An overview of the NoSQL world

Let's back up the Internet

A few sessions at the Disruptive Code 2010 were dedicated to the “NoSQL solutions” trendy topic and I was really looking forward —I have to admit— to what Adam Skogman from SpringSource and Eric Evans from Rackspace had to say on the subject.

In the last 5 years the amount of data produced worldwide (texts, images, audio, …) has drastically increased from 161 exabytes to 988 exabytes—one EB being one million TB or one billion GB—and with that come some new challenges (storage capacity, availability, …) that cannot be entirely solved by SQL solutions and relational databases.

Not entirely because “NoSQL” does not mean no SQL at all but Not Only SQL really and a mixed architecture is probably what the final solution to a problem will look like depending on the needs.

What are the problems?

The amount of data is growing at an exponential rate and a relational database (like MySQL) is not really a distributed solution. Even though reads can be performed on slaves, writes most likely have to be done on a master—where would the consistency be otherwise?—which becomes a bottleneck in a transaction intensive system.

Relational models are rather statics and once the model has been defined you better not have to change it.

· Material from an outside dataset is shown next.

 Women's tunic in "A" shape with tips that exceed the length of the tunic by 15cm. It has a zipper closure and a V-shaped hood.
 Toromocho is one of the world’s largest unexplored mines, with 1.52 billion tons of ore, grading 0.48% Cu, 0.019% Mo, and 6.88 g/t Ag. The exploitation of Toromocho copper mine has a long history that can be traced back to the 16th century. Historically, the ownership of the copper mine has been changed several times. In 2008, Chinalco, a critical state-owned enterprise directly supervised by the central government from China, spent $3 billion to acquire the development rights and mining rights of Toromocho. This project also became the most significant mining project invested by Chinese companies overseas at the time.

From my personal experience I can say that adding a column to a table that gets 10 millions (roughly) extra rows a day without downtime is a rather complex and costly (just in the human resources involved) operation. And when you need to keep 5 years of data in that same table (which would be 18.3 billions rows) and still have a good performance on reads and writes, it gets even more complex.

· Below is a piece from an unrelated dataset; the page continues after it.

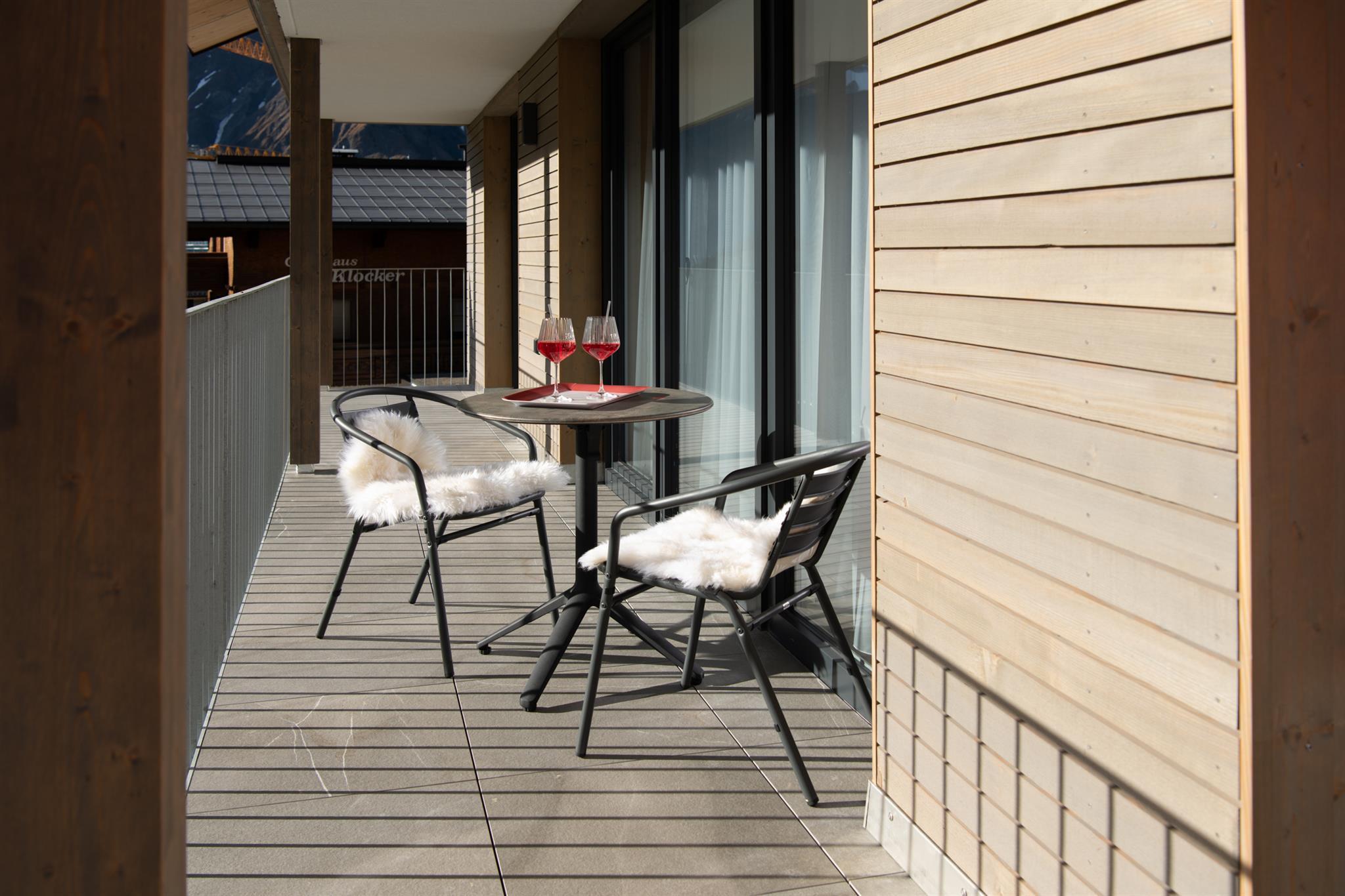 Überdachter Südbalkon mit Sitzmöglichkeit

When you need to store, as fast as possible, large quantities of data which structure has to be somehow flexible you’ll definitely have to have a look at the following solutions.

What are the solutions?

There are 4 kinds of NoSQL models at the moment:

  • key/value
  • column
  • document
  • graph

Key/value stores design is domain driven. Entities that are tightly coupled go to the same bucket (a customer and her shopping cart for instance) but different instances (customer A and customer B) don’t have to be in the same bucket. With a key/value store like Redis a throughput of 110,000 database operations per second can be achieved when MySQL shows a good 15,000—good because it’s still pretty good.

Most key/value stores provide an indexing mechanism and/or a search engine usually based on Lucene, Solr or Elastic Search.

As for the other solutions we can mention Apache Cassandra from Facebook, Google Bigtable and Hadoop HBase (column models), CouchDB and MongoDB (document model) and Neo4J (graph database).

Graph models seems like a pretty interesting topic—even though performance is not what you can expect from a key/value store for instance—and I will definitely have a closer look at Neo4J.